As depicted in Figure 7, from 0.1 to 1.0 μg fumed silica NPs per cm2 cell surface, no effect was detected by transcriptomics. The NOTEL point, the highest concentration of NPs giving no transcriptional effect, was set to 1.0 μg/cm2, as two successive values gave no effect.

Internalization, externalization (Level 1)

At a very low dose of fumed silica NPs (1.5 μg/cm2), we observed an intense signaling activity (Additional file 3: Table S3). Here, we highlighted five induced transcripts belonging to the pathway “clathrin-mediated endocytosis” (ACTA1, EPS15, HIP1, ORM1 and VEGFA). This pathway is the major pathway for the internalization of exogenous molecules from the plasma membrane into intracellular compartments. We also observed the induction of downstream effectors of the “Rho signaling pathway” (ROCK1, ARHGAP24, PPP1R12B and RAPGEF group). Rho signaling attests to a cytoskeleton reorganization by stimulating actin dynamics. Rho GTPases regulate membrane trafficking and are important regulators of exocytosis through a process not yet elucidated [32,33].

We did not observe, among the 255 genes differentially expressed at this concentration, any element of antioxidant response. Typically, in our first level, we describe some events that are well below the events described by Nel and colleagues in their Tier 1, i.e. oxidative stress [28,31]. A possible reason may be that antioxidant defense has been shown to be triggered by a higher concentration (>5 μg/cm2) [34], and another explanation is that our technology is extremely sensitive in apprehending very subtle events. In our data, the first level rather reflects the endocytosis and exocytosis of NPs, as attested by the cytoskeleton remodeling and membrane trafficking. This likely corresponds to a normal response of cellular defense.

Inflammation and nonspecific response (Level 2)

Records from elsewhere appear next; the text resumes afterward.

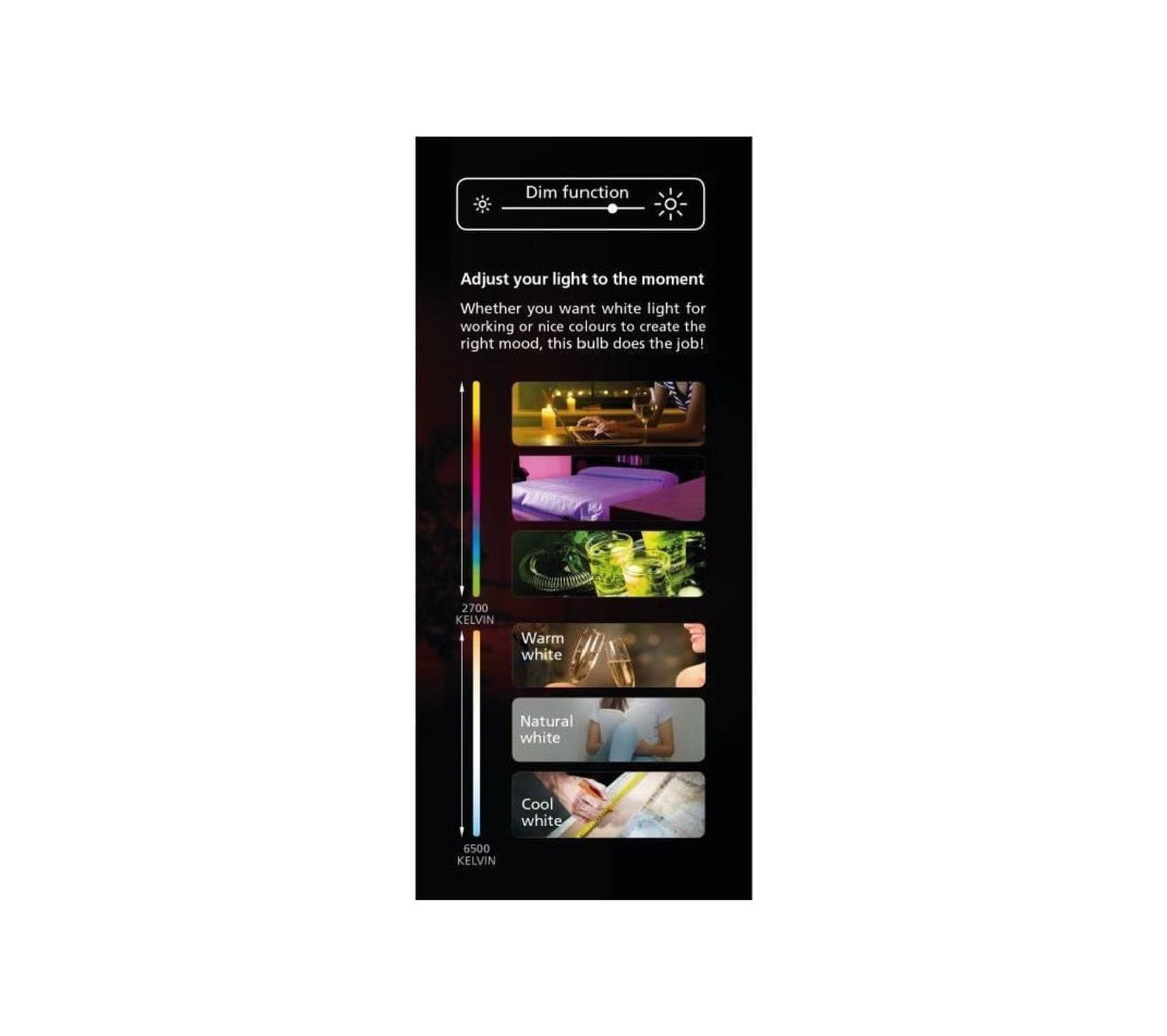 Svaka boja stvara svoju atmosferu. S pametnom lampom u boji možete prilagoditi boju u svom domu prema svom raspoloženju ili aktivnosti. Promijenite boju svjetla u jarko bijelu za trenutak koncentracije ili prigušite svjetla za noćni spoj. A ako ste raspoloženi za zabavu, možete ići do kraja s raznim svijetlim bojama. Odaberite idealno osvjetljenje za svaki trenutak.
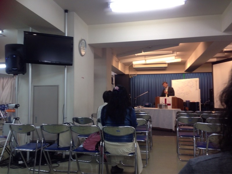 窪田牧師メッセージ中。 お昼直後、ウトウトしている方もいますね。
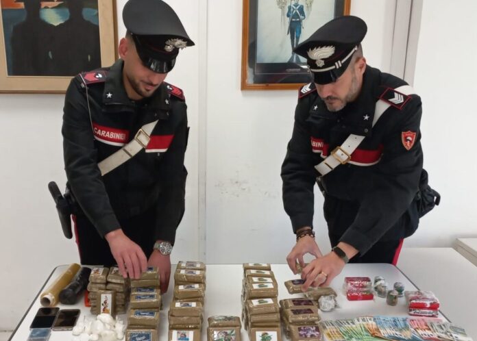 I Carabinieri del Nucleo Operativo della Compagnia di Anzio hanno arrestato un 40enne del Marocco gravemente indiziato del reato di detenzione ai fini di spaccio di sostanze stupefacenti, resistenza a Pubblico Ufficiale e lesioni personali. A seguito di numerosi servizi perlustrativi nel territorio del comune di Ardea – frazione Tor San Lorenzo, i Carabinieri hanno notato che l’indagato, già noto per i suoi precedenti, da qualche mese, aveva aperto un negozio di abbigliamento e aveva un tenore di vita particolarmente alto. Individuata l’abitazione dell’uomo, i Carabinieri hanno deciso di eseguire una verifica. Nel corso della perquisizione domiciliare, i militari hanno trovato la chiave di una cantina di pertinenza e, una volta avuto accesso all’interno, hanno rinvenuto un trolley pieno di sostanze stupefacenti. Nel dettaglio, vi erano oltre 11 kg di hashish, divisi in panetti, e circa 170 g di cocaina. Durante le operazioni, il 40enne ha opposto resistenza e tentato di darsi alla fuga ma è stato prontamente bloccato e arrestato. Nella circostanza, due Carabinieri hanno riportato lesioni guaribili in dieci giorni. Sequestrati anche 2.760 euro in contanti, un bilancino di precisione e vario materiale per il confezionamento in dosi. L’arrestato è stato condotto presso la casa circondariale di Velletri, a disposizione della locale Autorità Giudiziaria.

Starting from the 3.0 μg/cm2 dose, upregulation of inflammatory mediators (IL-6, IL-8 and TNF-α) and chemokines (CCL5 and CCL20) was observed in a dose-dependent manner at 24 h exposure (Additional file 3: Table S3). These results are consistent with those found in the literature for silica and other NPs [4,35,36]. Perkins et al. previously compared crystalline and amorphous silica NPs, but found that only cristobalite upregulated IL6 and IL8 in lung BEAS- 2B cells whereas amorphous silica NPs only modulated CCL5 (RANTES) expression [4]. Here, we observed that not only the above interleukins, but also CCL5 and CCL20, were upregulated in the presence of AEROSIL® 200 fumed silica NPs, with a fold change of 4.5 and 10.2 at 3.0 and 6.0 μg/cm2, respectively. This discrepancy between our data and previously published data illustrates the possible heterogeneity of the results in the NP literature, probably directly linked to the different nature of the NPs. In particular, fumed AEROSIL® 200 NPs differ from the amorphous silica NPs of the previous study [4], with a surface area 100 times greater. The “TREM1 signaling pathway” was triggered, leading to proinflammatory immune responses. The TREM1 transcript, which belongs to the immunoglobulin family of cell surface receptors, was upregulated at 6.0 μg/cm2.

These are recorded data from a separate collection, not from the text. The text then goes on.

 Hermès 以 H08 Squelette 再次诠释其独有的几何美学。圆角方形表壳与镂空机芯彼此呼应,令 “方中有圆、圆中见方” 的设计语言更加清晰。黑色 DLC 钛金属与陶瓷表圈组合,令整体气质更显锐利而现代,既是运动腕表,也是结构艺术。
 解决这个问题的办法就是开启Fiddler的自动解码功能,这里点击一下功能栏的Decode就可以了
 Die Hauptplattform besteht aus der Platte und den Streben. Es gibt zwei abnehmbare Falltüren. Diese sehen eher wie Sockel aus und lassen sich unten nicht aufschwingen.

Coagulation system perturbation as a specific response (Level 2)

At higher concentrations (3.0 and 6.0 μg/cm2), and for two exposure durations (24 and 72 h), the canonical “coagulation pathway” was altered by fumed silica NPs (Figure 6). This pathway, and more specifically the “intrinsic and extrinsic prothrombin activation” subgroups, is the most significant altered pathway. Besides the known functions of the alveolar epithelium, such as surfactant secretion (to maintain alveolar stability), gas exchange, and ion transport, these cells also have barrier properties that protect against the passage of air pollutants into the circulation [37]. These authors also demonstrated that in A549 cells, the coagulation process responds to injury by the rapid formation of a clot and fibrin deposition [38].

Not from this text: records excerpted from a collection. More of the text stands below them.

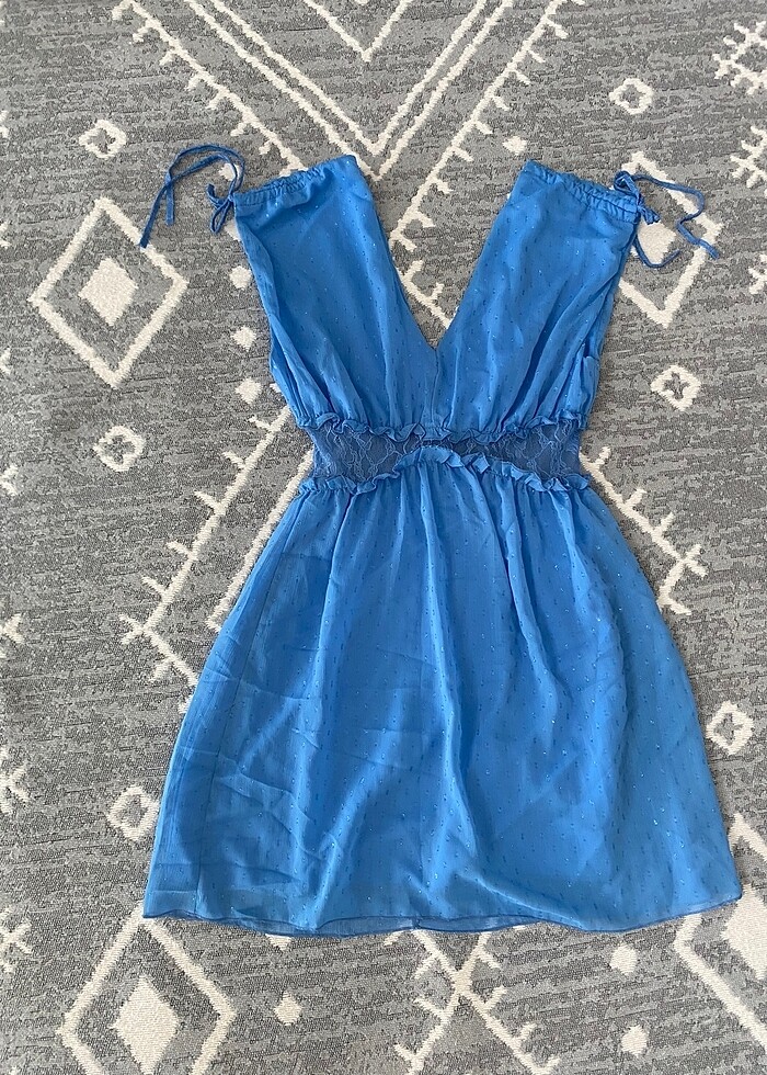 Mini kendinden simli belinde dantel detayı var
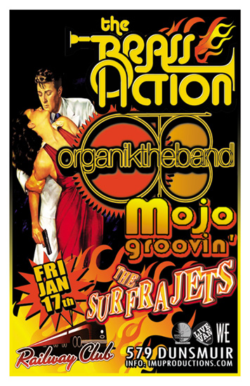 . Friday, January 17th IMU presents The BRASS ACTION, ORGANIK THE BAND, MOJO GROOVIN' & The SURFRAJETS @ The Railway Club, 579 Dunsmuir . Show 9:30pm sharp! Purchase advance tickets online @ http://www.imuproductions.com/tix
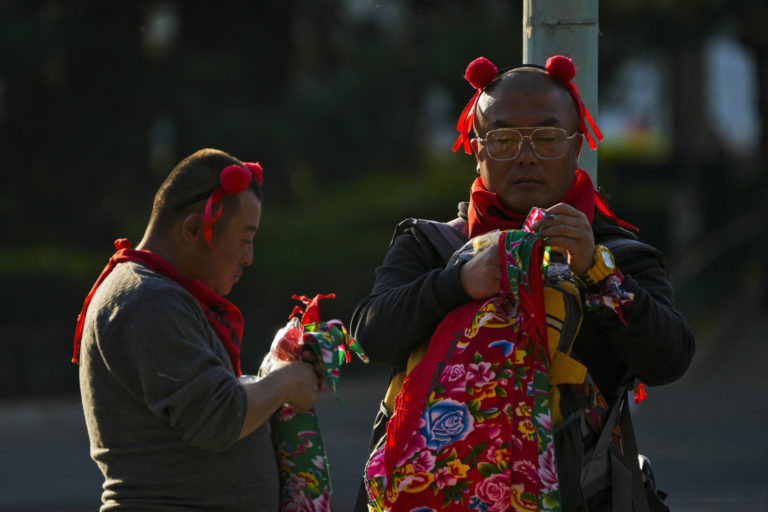Číňania majú na hlave pokrývku Nezhy, postavy z čínskej mytológie. Foto: SITA/AP.
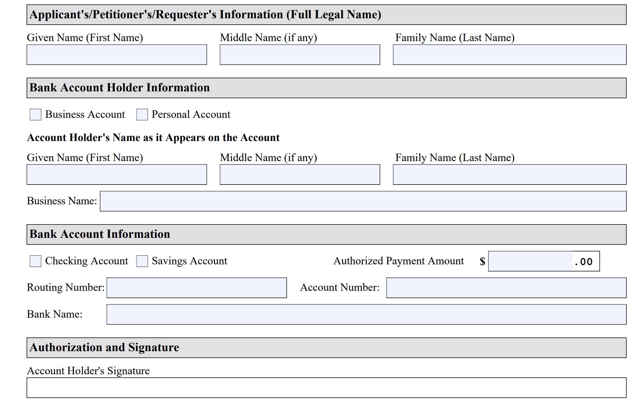 New form allows payment of filing fees, services via secure direct debit payments
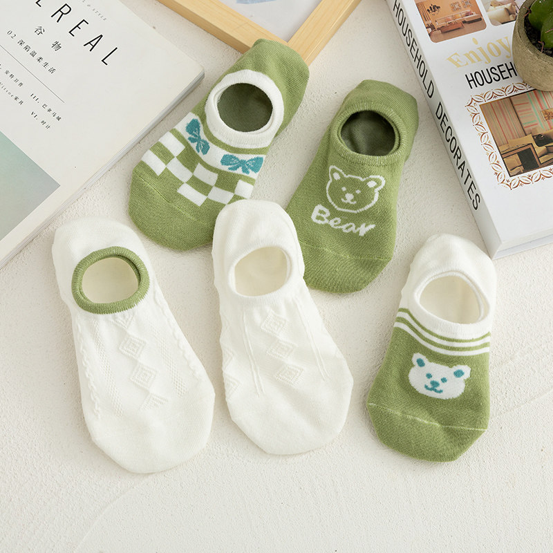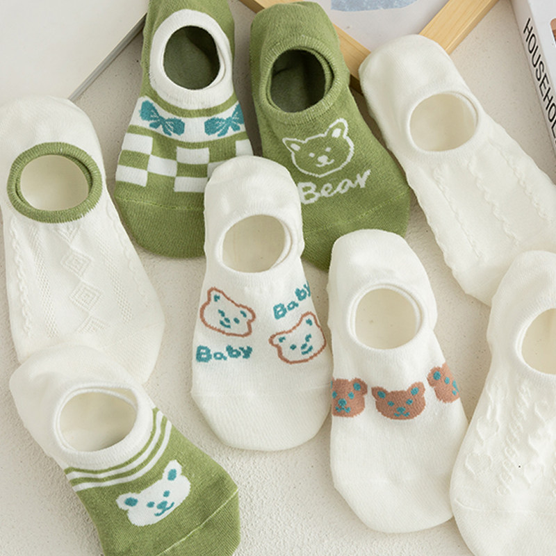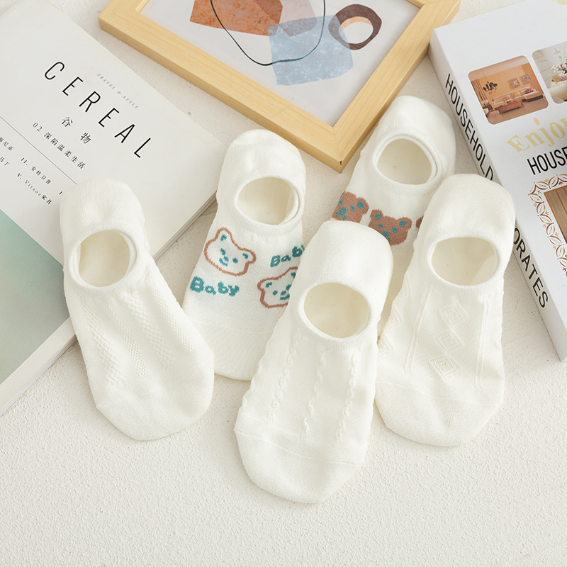 白色袜子女纯棉抗菌短袜浅口袜ins潮秋冬款小熊不掉跟隐形学生袜
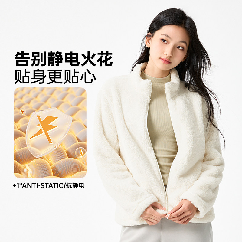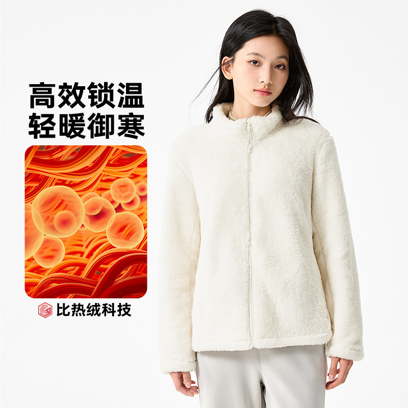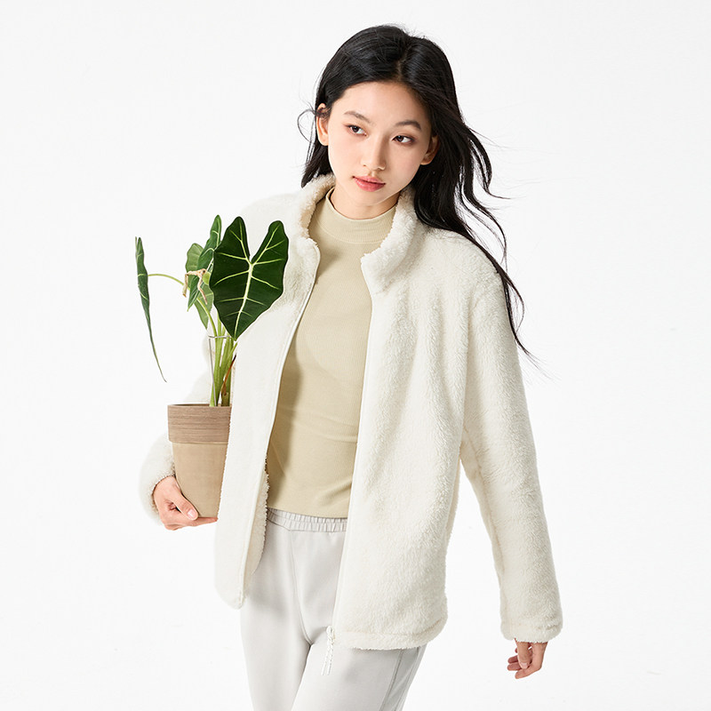 361女装运动外套2025秋冬新款针织加绒外套女士轻便保暖纯白上衣
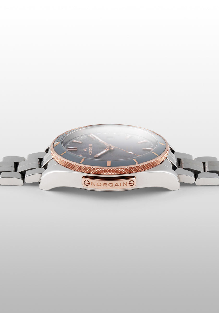 La linea Adventure incarna l'emozione di esplorare e conquistare il parco giochi della natura: i sentieri, le vette ed il mare. L'esclusivo motivo NORQAIN si ispira alle montagne svizzere.

Our data thus suggest that this pathway is a direct consequence of the alteration of the A549 cell monolayer by fumed silica nanoparticles, probably due to cell membrane alteration. Indeed, as demonstrated by Zhang and colleagues, fumed silica NPs (AEROSIL, diameter 16 nm) induce a dramatically higher cytotoxicity than colloidal silica in lung cells BEAS-2B [27]. The authors explained the increased toxicity of fumed silica by its thermally promoted surface properties, i.e. the formation of strained, three-membered siloxane rings on the silica surface via dehydroxylation. These rings are rapidly hydrolyzed upon rehydration in culture medium, exposing hydroxyl groups responsible for cell toxicity by interaction with cell membranes. In our proteomic data, the cell membrane alteration is confirmed by the release of the LDH protein, which is an indicator of cell membrane integrity.

Coagulation is a complex process that can be initiated via the extrinsic or intrinsic pathways. In the extrinsic pathway, a cascade of activation including factor VIIa (F7) and tissue factor (TF) leads to the generation of thrombin (F2) and the production of fibrin (FG), which creates a clot. In the intrinsic pathway, a cascade of activations leads to the production of coagulation factors such as FXa (F10). The coagulation system includes a number of control proteins to maintain a fine balance between formation and dissolution of the clot. Plasmin is one of these proteins that are required for dissolution of the fibrin clot. Plasmin is activated by tissue plasminogen activator (PLAT) and urokinase (PLAU). Protein C, protein S, and thrombomodulin together degrade FVa and FVIIIa.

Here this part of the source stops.